[[ Materials provided open ]]

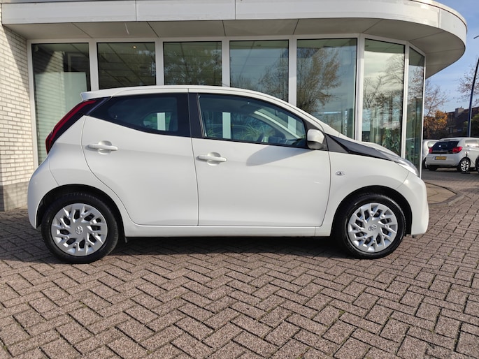 Een vergeten muurtje, een verborgen paaltje? Dat gebeurt niet meer, dankzij de achteruitrijcamera. De bediening van het audiosysteem gebeurt met knoppen op het stuur. Deze Toyota Aygo is voorzien van sensoren aan de achterzijde om een achteropkomend verkeer waarschuwing te geven als de afstand tussen u en een achterligger te klein is. In deze auto kiest u zelf uw ideale temperatuur dankzij de airconditioning. Wat u ook in deze auto kunt vinden zijn lederen stuur, centrale deurvergrendeling met afstandsbediening en lederen versnellingspook.
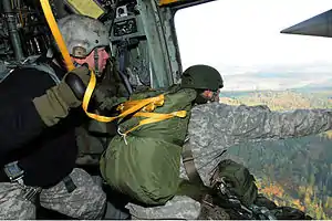 In order to obtain the coveted Jumpmaster rating, an individual must complete a series of requirements. Since 1950, only those in the ranks of Sergeant and above may perform any Jumpmaster duties.[1] The individual must be a graduate of The U.S. Army Advanced Airborne School at Fort Liberty, North Carolina,[2] The United States Army Jumpmaster School at Fort Moore, Georgia[3] or the U.S. Army Special Operations Command (USASOC) Jumpmaster School Mobile Training Teams (MTT). In order to enter these elite military schools, the individual must meet the following standards:
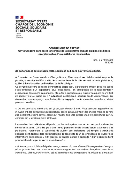 Olivia Grégoire, secrétaire d’État auprès du ministre de l’Économie, des Finances et de la Relance chargée de l’Economie sociale, solidaire et responsable, lance aujourd’hui la plateforme Impact, qui permettra à toutes les entreprises volontaires, de la TPE au CAC 40, de publier leurs données de performance environnementale, sociale et de bonne gouvernance (ESG).
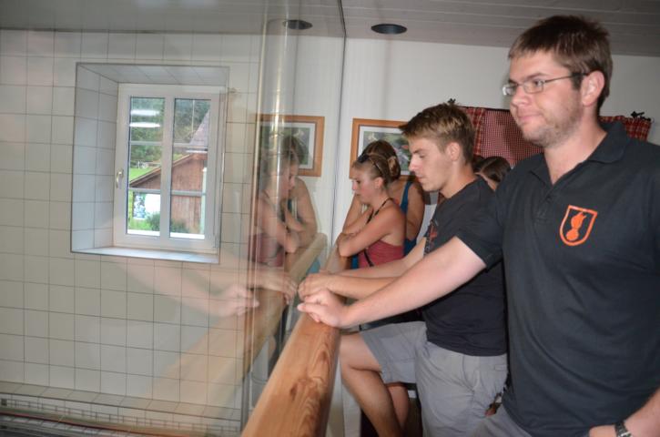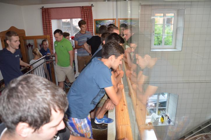 Alles begann mit der Harrerhütte auf der Teichalm, wo in früheren Jahren im Sommer schon immer Butter und Topfen erzeugt wurden. Nach ständiger Weiterentwicklung und Erweiterung des Hofes in Tulwitz ergab sich die Chance zusammen mit der Firma Möstl eine eigene Käserei am Hof zu errichten. Möstls Idee war es auch im ehemaligen Bergwerk von Arzberg Käse reifen zu lassen. Somit kann der Käse der am Hof produziert wird bei perfekten Stollenbedingungen veredelt werden. In der Käserei werden sowohl Schaf- als auch Kuhmilch verarbeitet. Insgesamt werden um die zehn verschiedenen Käsesorten produziert. Ein besonderes Anliegen ist der Familie Leitner, dass ausschließlich Heumilch verwendet wird um damit den bestmöglichen Geschmack zu erreichen. Die Liebe zum Detail und Experimentierfreude brachten der Familie schon zahlreiche Auszeichnungen ein. Bei den Käseweltmeisterschaften erreichten sie sogar die Goldmedaille. Auch wir durften uns selbst von der Qualität der Produkte überzeugen. Egal ob Joghurt, Hart- oder Weichkäse – es schmeckte wirklich alles hervorragend. Wir sagen DANKE für die hervorragende Führung und die tolle Verkostung und wünschen weiterhin viel Erfolg mit der Käseproduktion.
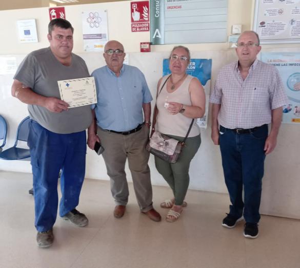 - Diplomas a Donantes para los que han alcanzado las 10 donaciones para Dª. DOLORES BARRAGAN SORIANO, Dª. MANUELA COBA LARA, D. JUAN B. LEÓN NAVARRO, Dª. JUANA RAMIREZ CACHINERO, D. GABRIEL RELAÑO MONTILLA, Dª. JUANA ROCHA GONZALEZ.

[[ Materials provided closed ]]

Assigned task → Your task is to return the entries above exactly, with no pictures.

Your solution →
 Een vergeten muurtje, een verborgen paaltje? Dat gebeurt niet meer, dankzij de achteruitrijcamera. De bediening van het audiosysteem gebeurt met knoppen op het stuur. Deze Toyota Aygo is voorzien van sensoren aan de achterzijde om een achteropkomend verkeer waarschuwing te geven als de afstand tussen u en een achterligger te klein is. In deze auto kiest u zelf uw ideale temperatuur dankzij de airconditioning. Wat u ook in deze auto kunt vinden zijn lederen stuur, centrale deurvergrendeling met afstandsbediening en lederen versnellingspook.
 In order to obtain the coveted Jumpmaster rating, an individual must complete a series of requirements. Since 1950, only those in the ranks of Sergeant and above may perform any Jumpmaster duties.[1] The individual must be a graduate of The U.S. Army Advanced Airborne School at Fort Liberty, North Carolina,[2] The United States Army Jumpmaster School at Fort Moore, Georgia[3] or the U.S. Army Special Operations Command (USASOC) Jumpmaster School Mobile Training Teams (MTT). In order to enter these elite military schools, the individual must meet the following standards:
 Olivia Grégoire, secrétaire d’État auprès du ministre de l’Économie, des Finances et de la Relance chargée de l’Economie sociale, solidaire et responsable, lance aujourd’hui la plateforme Impact, qui permettra à toutes les entreprises volontaires, de la TPE au CAC 40, de publier leurs données de performance environnementale, sociale et de bonne gouvernance (ESG).
 Alles begann mit der Harrerhütte auf der Teichalm, wo in früheren Jahren im Sommer schon immer Butter und Topfen erzeugt wurden. Nach ständiger Weiterentwicklung und Erweiterung des Hofes in Tulwitz ergab sich die Chance zusammen mit der Firma Möstl eine eigene Käserei am Hof zu errichten. Möstls Idee war es auch im ehemaligen Bergwerk von Arzberg Käse reifen zu lassen. Somit kann der Käse der am Hof produziert wird bei perfekten Stollenbedingungen veredelt werden. In der Käserei werden sowohl Schaf- als auch Kuhmilch verarbeitet. Insgesamt werden um die zehn verschiedenen Käsesorten produziert. Ein besonderes Anliegen ist der Familie Leitner, dass ausschließlich Heumilch verwendet wird um damit den bestmöglichen Geschmack zu erreichen. Die Liebe zum Detail und Experimentierfreude brachten der Familie schon zahlreiche Auszeichnungen ein. Bei den Käseweltmeisterschaften erreichten sie sogar die Goldmedaille. Auch wir durften uns selbst von der Qualität der Produkte überzeugen. Egal ob Joghurt, Hart- oder Weichkäse – es schmeckte wirklich alles hervorragend. Wir sagen DANKE für die hervorragende Führung und die tolle Verkostung und wünschen weiterhin viel Erfolg mit der Käseproduktion.
 - Diplomas a Donantes para los que han alcanzado las 10 donaciones para Dª. DOLORES BARRAGAN SORIANO, Dª. MANUELA COBA LARA, D. JUAN B. LEÓN NAVARRO, Dª. JUANA RAMIREZ CACHINERO, D. GABRIEL RELAÑO MONTILLA, Dª. JUANA ROCHA GONZALEZ.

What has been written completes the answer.